There are many different ways that waste recovery facilities sort and prepare waste. On this scale, machinery is often used to make the process more efficient. Waste sorting municipal waste often starts manually at the household.
It is important that waste is sorted before it moves onto the next process of treatment or disposal. This will determine the preferred disposal method suited to the waste stream is chosen, resulting in less waste ending up in landfills.
The common methods of sorting and preparing waste are as follows:
Bulky items such as large pieces of wood, rocks, long pieces of cloth, etc. are removed by hand before mechanical processing begins. Equipment involved in manual separation usually includes a sorting belt or table. Hand picking of refuse is perhaps the most prevalent MSW handling technique; it is also the only technique for removal of PVC plastics.

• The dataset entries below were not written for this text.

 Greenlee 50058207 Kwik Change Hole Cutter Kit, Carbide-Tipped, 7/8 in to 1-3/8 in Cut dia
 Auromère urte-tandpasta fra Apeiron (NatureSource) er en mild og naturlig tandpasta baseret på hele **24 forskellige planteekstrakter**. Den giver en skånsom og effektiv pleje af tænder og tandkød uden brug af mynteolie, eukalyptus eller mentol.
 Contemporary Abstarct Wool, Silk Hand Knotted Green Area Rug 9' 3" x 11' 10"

Hand separation is time consuming and labour intensive & however, it does allow for the sorting of waste in a manner which contributes towards having better separation of waste and the recovery of recyclable materials.

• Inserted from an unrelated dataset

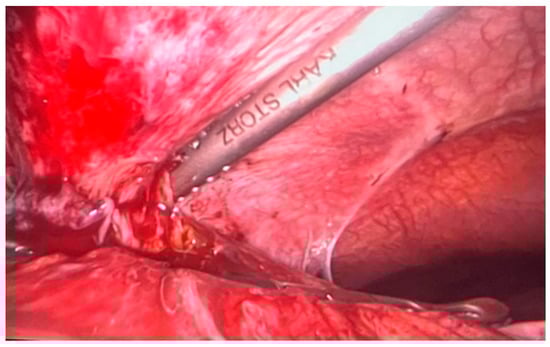 We proceeded with the dissection, but the inflammation of the tissue was severe, and it modified the anatomy of the subhepatic region. We decided on a conversion to right subcostal incision. The cholecystectomy was performed retrograde after the dissection of the adhesions, with the identification of the cystic channel and the artery that were ligated and sectioned.
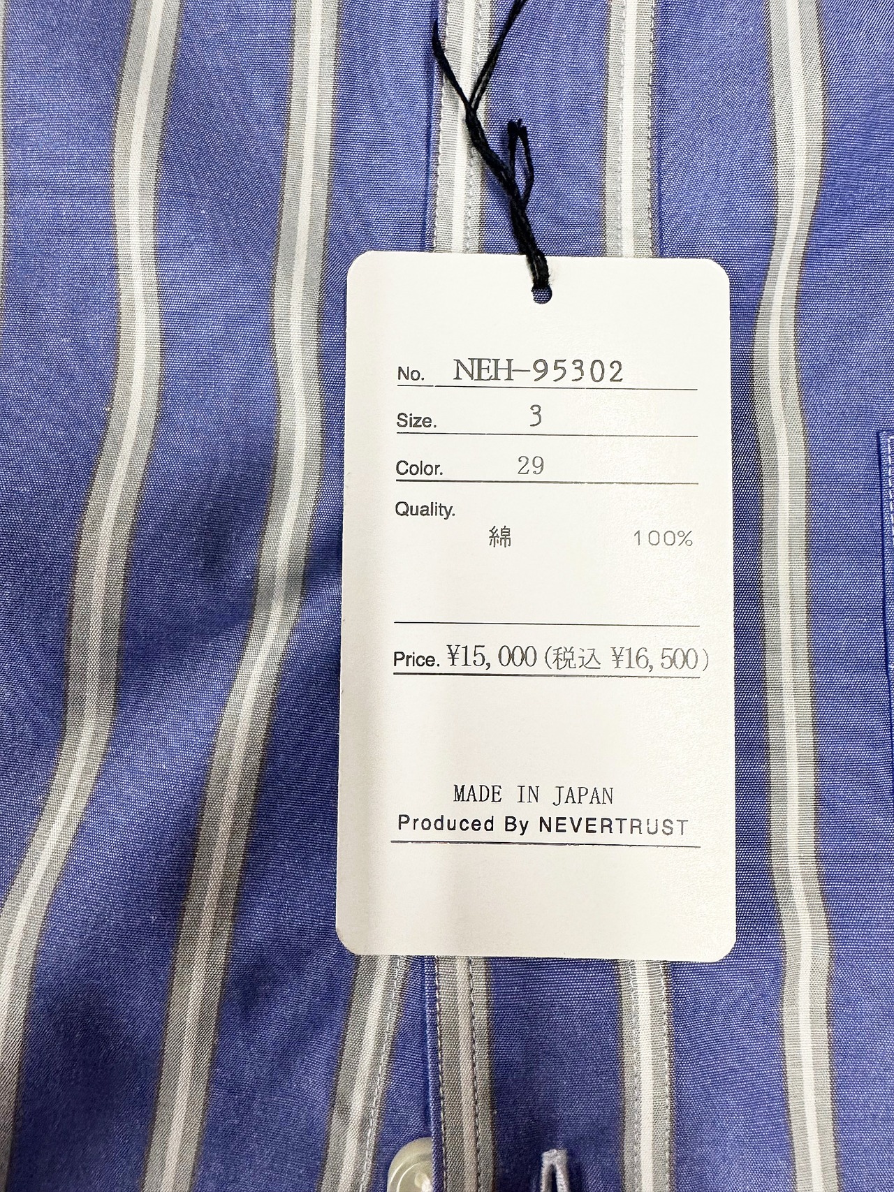 【ネバートラスト】マルチストライプ半袖ボタンダウンシャツ カラー:ブルー

In this method, fans are used to create a column of air moving upwards. Low-density materials are blown upwards, and dense materials fall. The air carrying light materials, like paper and plastic bags, enters a separator where these items fall out of the air stream. The quality of air separation depends on the strength of the air currents and how materials are introduced into the column. Moisture content is also critical as water may weigh down some materials or cause them to stick together.
There are two types of devices are commonly used for this process: hammer mills and shear shredders. Hammer mills consist of rotating sets of swinging steel hammers through which the waste is passed, and shear shredders are used for materials that are difficult to break apart such as tires, mattresses, plastics, etc. The hammers need frequent resurfacing or replacement. Both are energy and maintenance intensive. Hammer mills shatter items such as fluorescent light bulbs, compact fluorescent lamps, and batteries.

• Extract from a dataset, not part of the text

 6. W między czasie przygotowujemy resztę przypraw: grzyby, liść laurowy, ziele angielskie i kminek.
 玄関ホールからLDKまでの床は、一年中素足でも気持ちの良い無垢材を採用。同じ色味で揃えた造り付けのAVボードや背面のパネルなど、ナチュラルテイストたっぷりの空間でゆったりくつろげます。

Another methodology for reducing the waste size is to place the waste into a centrifugal shredded system which reduces the original volume by 80% and the weight by 50%. This allows the physical particle size to be reduced, but more importantly reduce the moisture content of the waste.
A trommel screen, also known as a rotary screen, is a mechanical screening machine used to separate materials, mostly solid-waste processing industries. It consists of a perforated cylindrical drum that is normally elevated at an angle at the feed end. For an inclined drum, objects are being lifted and then dropped with the help of lifter bars to move it further down the drum; otherwise, the objects roll down slower. Furthermore, the lifter bars shake the objects to segregate them. Lifter bars will not be considered in the presence of heavy objects as they may break the screen.
Physical size separation is achieved as the feed material spirals down the rotating drum, where the undersized material smaller than the screen apertures passes through the screen, while the oversized material exits at the other end of the drum. In municipal solid waste industry, trommel screens classify sizes of solid waste. By removing inorganic materials such as moisture and ash from the air-classified light fraction segregated from shredded solid waste, trommel screening improves the fuel- derived solid waste.
Drying process reduces the moisture content of waste and prevents the leachate production- which could seep into the water if the waste were disposed of in land fill or stored in an open area over long periods of time.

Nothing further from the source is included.